### DATA FOR THIS TASK
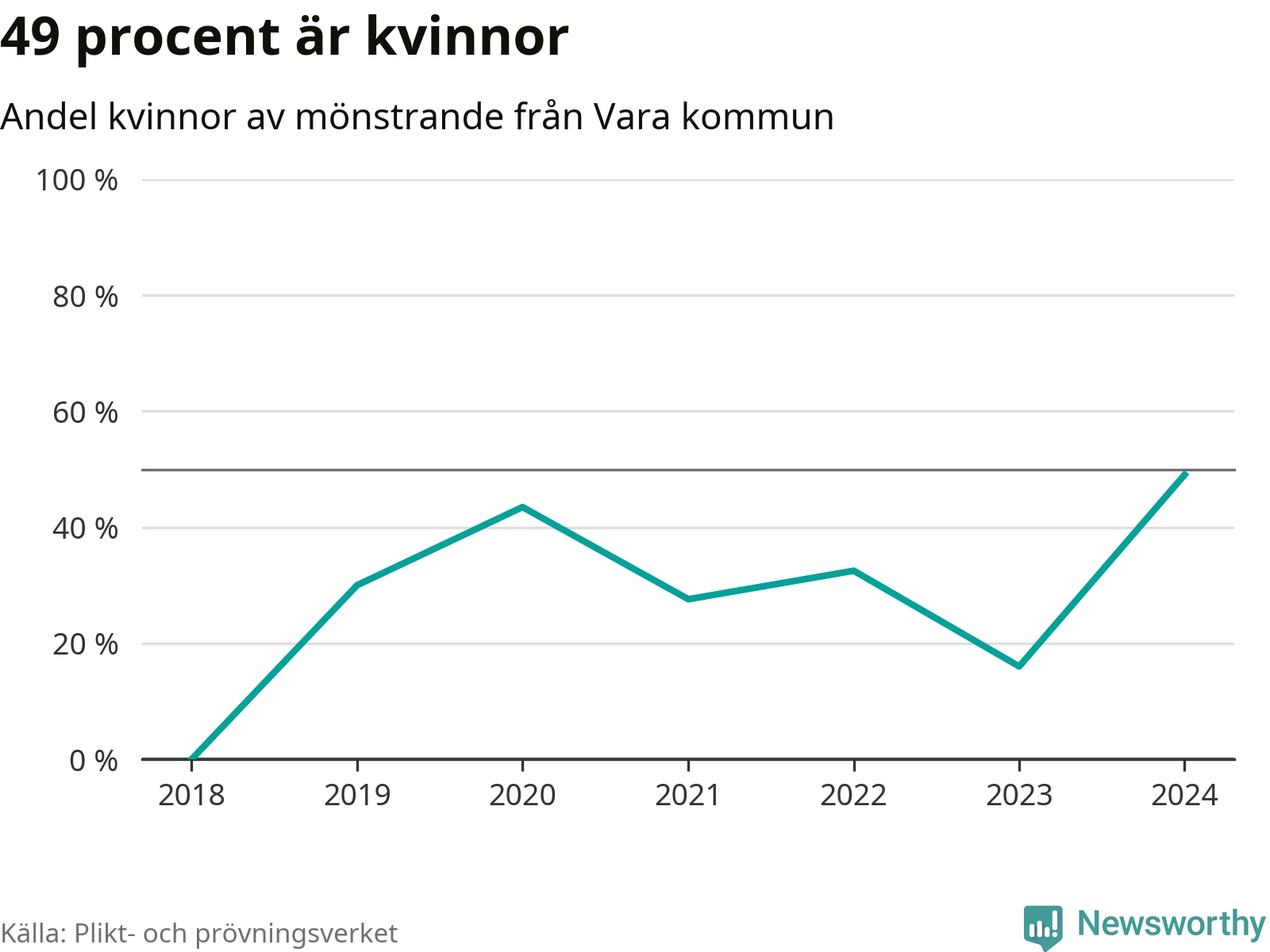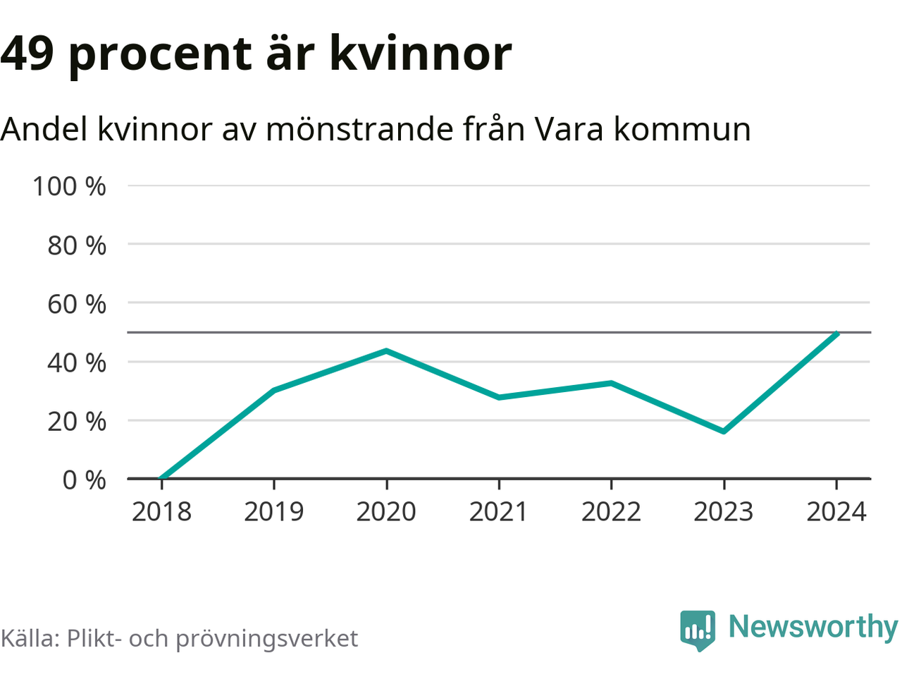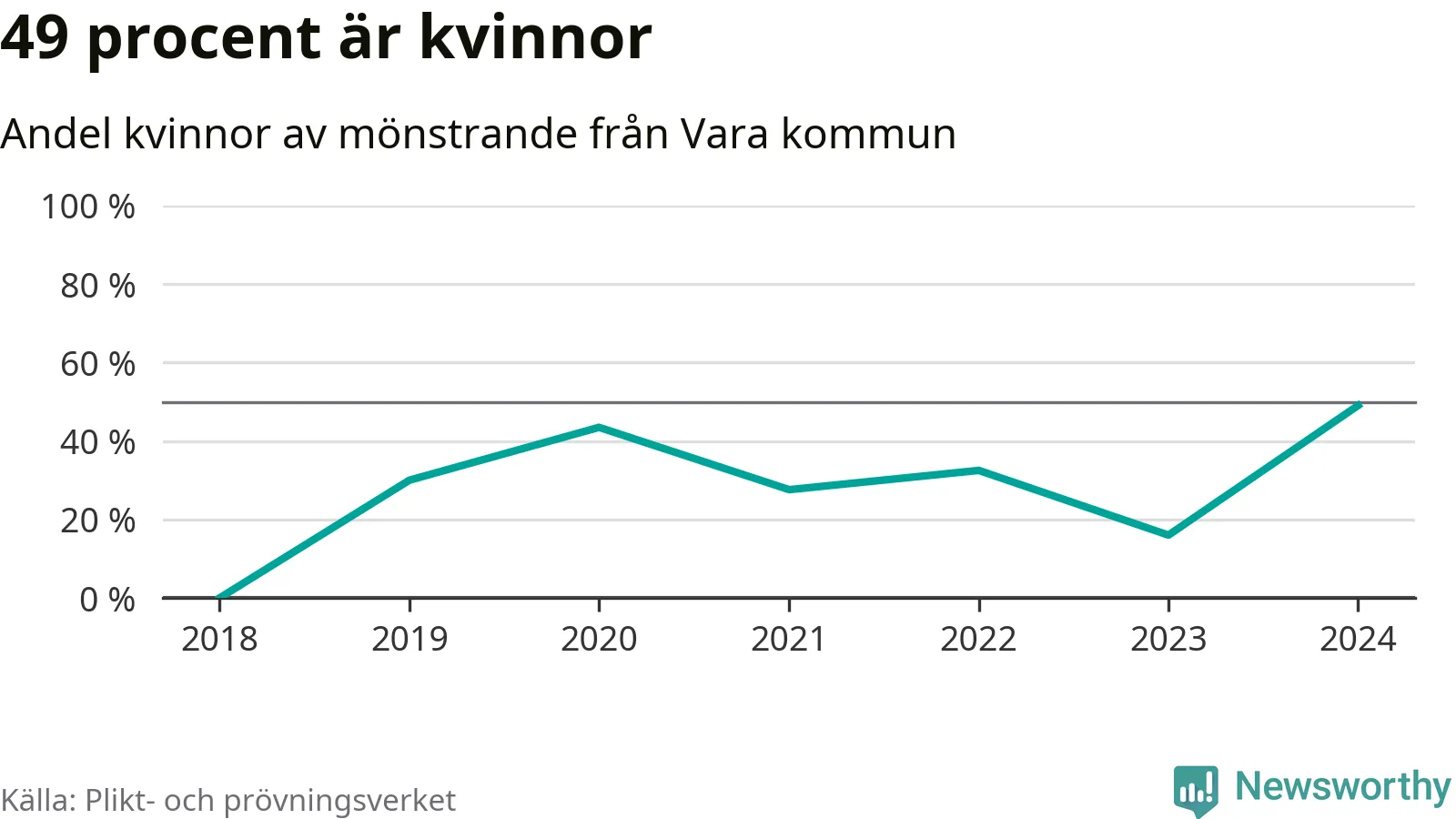 26 av de som kallats till mönstring från Vara är kvinnor, vilket motsvarar 49 procent av de mönstrande. Det är fler än något år sedan värnplikten återinfördes. I riket som helhet är 30 procent av de mönstrande tjejer.
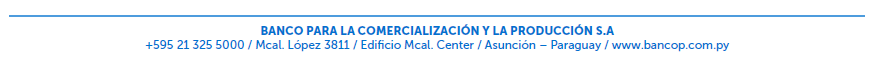 - Conforme a los términos de la Ley 6.534/2020 “De protección de datos personales crediticios”, el TITULAR autoriza al Banco a tratar, recabar, procesar, proveer, almacenar y/o difundir cualquier tipo de información referente a sus datos personales (nacionalidad, cédula de identidad, RUC, domicilio, estado civil, lugar de trabajo, teléfono particular, laboral y móvil); así como antecedentes civiles, penales actividad comercial/laboral, información crediticia (positiva o negativa), situación patrimonial, solvencia económica, nivel de endeudamiento y datos del cumplimiento de sus obligaciones comerciales e impositivas, de cualquier empresa y/o entidad, pública o privada, nacional o extranjera dedicada a la gestión de bases de datos personales o crediticios, como ser Informconf, Equifax, Infomercio, BICSA, Central de Informaciones del Banco Central del Paraguay, Central de Riesgo Bancard, haciendo extensiva esta autorización a dichas empresas y/o cualquier otra empresa y/o institución dedicada al tratamiento y almacenamiento de datos que pudiera existir en el país o en el extranjero en el futuro. El Banco informa al TITULAR que la información a la que acceda será utilizada para el conocimiento cabal de sus datos y el cumplimiento de sus obligaciones, para eventualmente utilizarla como elemento de juicio en el análisis crediticio y de riesgo que como entidad financiera debe realizar para poder ofrecer al TITULAR préstamos y otros servicios bancarios, conforme a sus políticas crediticias, de riesgo y de cumplimiento. De igual manera y en los mismos términos de la autorización que antecede, el TITULAR autoriza al BANCO a incluir en el registro de empresas que administran bases de datos e informaciones sean éstas nacionales y/o internacionales, datos suyos como los citados al inicio de la presente cláusula. La eliminación de la información en los registros se realizará de acuerdo con los términos establecidos en la legislación vigente.
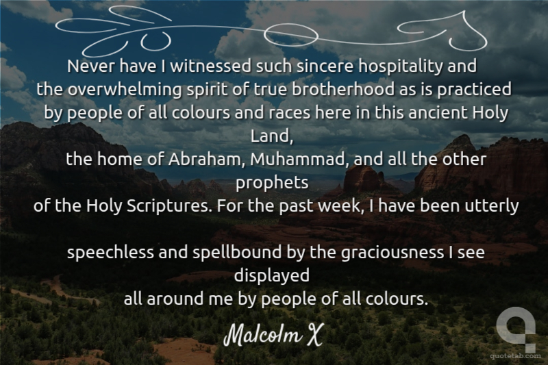 Never have I witnessed such sincere hospitality and the overwhelming spirit of true brotherhood as is practiced by people of all colours and races here in this ancient Holy Land, the home of Abraham, Muhammad, and all the other prophets of the Holy Scriptures. For the past week, I have been utterly speechless and spellbound by the graciousness I see displayed all around me by people of all colours.
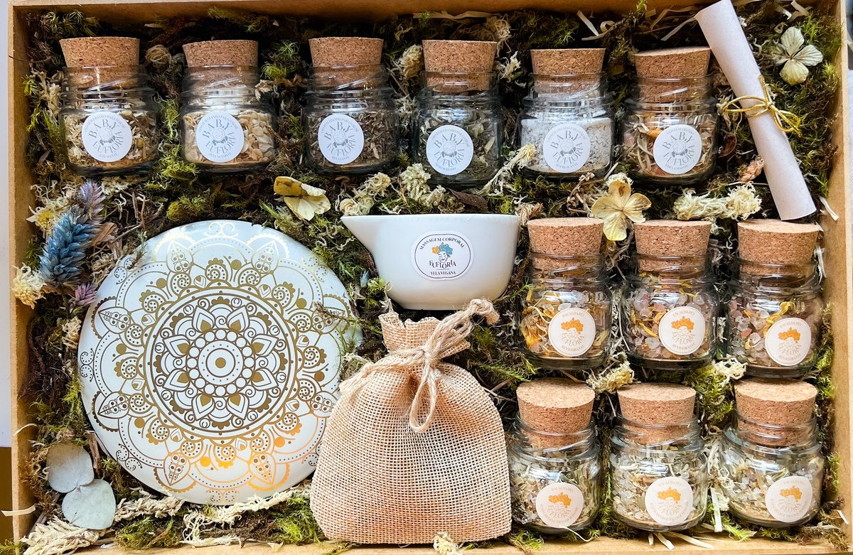 Pensando nesse período, desenvolvemos esse Kit com elementos naturais,  feitos artesanalmente utilizando conhecimentos ancestrais, com responsabilidade e afeto para acolher e cuidar, levando até você sensações e experiências reais e significativas. Todos os elementos que compõem as caixas são energizados com cristais, Reiki e intencionados para que cumpram seu propósito.
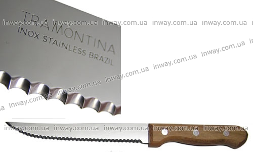 Для ценителей натуральных материалов компания Tramontina изготовила ножи с рукоятью из дерева. Нержавеющая сталь AISI 420 обладает хорошей пластичностью, высокой ударной вязкостью, коррозионной стойкостью.
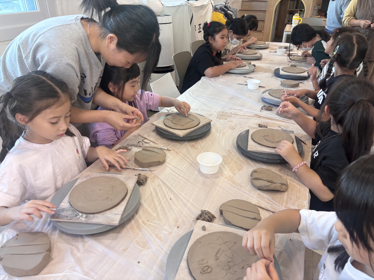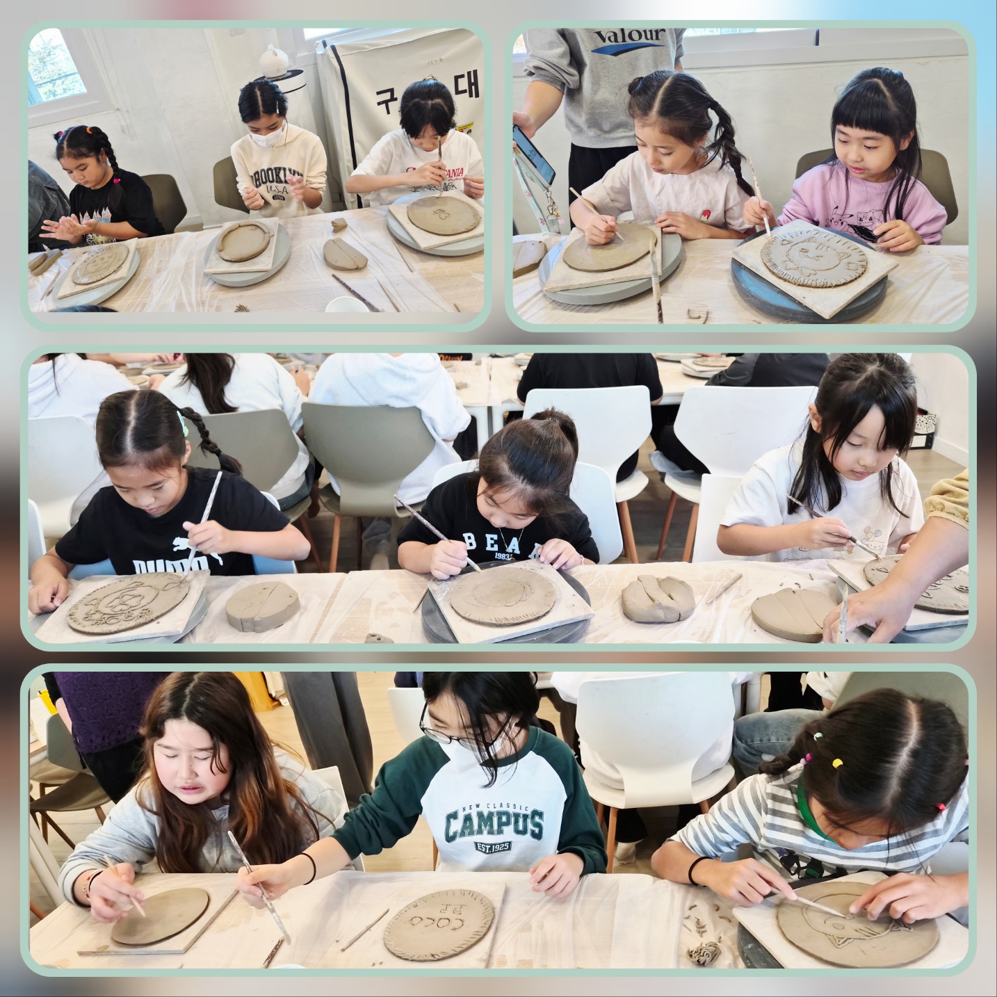 우리가 흔히 아는 황토색이 아닌 구워지면 하얀빛을 내는 회색빛이 도는 흙을 이용해 그리고싶은 동물이나 캐릭터를 살살 그려 입체감있게 표현했어요.
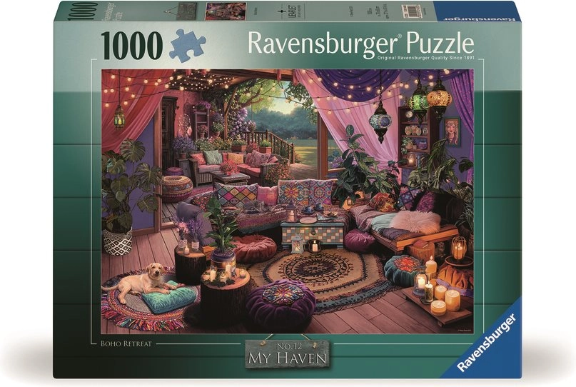 Ravensburger Παζλ Το άνετο boho καταφύγιό μου με 1000 κομμάτια εγγυάται ώρες διασκέδασης για όλους τους λάτρεις των παζλ. Ιδανικό για χαλάρωση και απόδραση στον δικό σας άνετο boho χώρο.

### TASK ITEM
If pictures appear in the data, do not print them; repeat the rest exactly.

### RESPONSE
 26 av de som kallats till mönstring från Vara är kvinnor, vilket motsvarar 49 procent av de mönstrande. Det är fler än något år sedan värnplikten återinfördes. I riket som helhet är 30 procent av de mönstrande tjejer.
 - Conforme a los términos de la Ley 6.534/2020 “De protección de datos personales crediticios”, el TITULAR autoriza al Banco a tratar, recabar, procesar, proveer, almacenar y/o difundir cualquier tipo de información referente a sus datos personales (nacionalidad, cédula de identidad, RUC, domicilio, estado civil, lugar de trabajo, teléfono particular, laboral y móvil); así como antecedentes civiles, penales actividad comercial/laboral, información crediticia (positiva o negativa), situación patrimonial, solvencia económica, nivel de endeudamiento y datos del cumplimiento de sus obligaciones comerciales e impositivas, de cualquier empresa y/o entidad, pública o privada, nacional o extranjera dedicada a la gestión de bases de datos personales o crediticios, como ser Informconf, Equifax, Infomercio, BICSA, Central de Informaciones del Banco Central del Paraguay, Central de Riesgo Bancard, haciendo extensiva esta autorización a dichas empresas y/o cualquier otra empresa y/o institución dedicada al tratamiento y almacenamiento de datos que pudiera existir en el país o en el extranjero en el futuro. El Banco informa al TITULAR que la información a la que acceda será utilizada para el conocimiento cabal de sus datos y el cumplimiento de sus obligaciones, para eventualmente utilizarla como elemento de juicio en el análisis crediticio y de riesgo que como entidad financiera debe realizar para poder ofrecer al TITULAR préstamos y otros servicios bancarios, conforme a sus políticas crediticias, de riesgo y de cumplimiento. De igual manera y en los mismos términos de la autorización que antecede, el TITULAR autoriza al BANCO a incluir en el registro de empresas que administran bases de datos e informaciones sean éstas nacionales y/o internacionales, datos suyos como los citados al inicio de la presente cláusula. La eliminación de la información en los registros se realizará de acuerdo con los términos establecidos en la legislación vigente.
 Never have I witnessed such sincere hospitality and the overwhelming spirit of true brotherhood as is practiced by people of all colours and races here in this ancient Holy Land, the home of Abraham, Muhammad, and all the other prophets of the Holy Scriptures. For the past week, I have been utterly speechless and spellbound by the graciousness I see displayed all around me by people of all colours.
 Pensando nesse período, desenvolvemos esse Kit com elementos naturais,  feitos artesanalmente utilizando conhecimentos ancestrais, com responsabilidade e afeto para acolher e cuidar, levando até você sensações e experiências reais e significativas. Todos os elementos que compõem as caixas são energizados com cristais, Reiki e intencionados para que cumpram seu propósito.
 Для ценителей натуральных материалов компания Tramontina изготовила ножи с рукоятью из дерева. Нержавеющая сталь AISI 420 обладает хорошей пластичностью, высокой ударной вязкостью, коррозионной стойкостью.
 우리가 흔히 아는 황토색이 아닌 구워지면 하얀빛을 내는 회색빛이 도는 흙을 이용해 그리고싶은 동물이나 캐릭터를 살살 그려 입체감있게 표현했어요.
 Ravensburger Παζλ Το άνετο boho καταφύγιό μου με 1000 κομμάτια εγγυάται ώρες διασκέδασης για όλους τους λάτρεις των παζλ. Ιδανικό για χαλάρωση και απόδραση στον δικό σας άνετο boho χώρο.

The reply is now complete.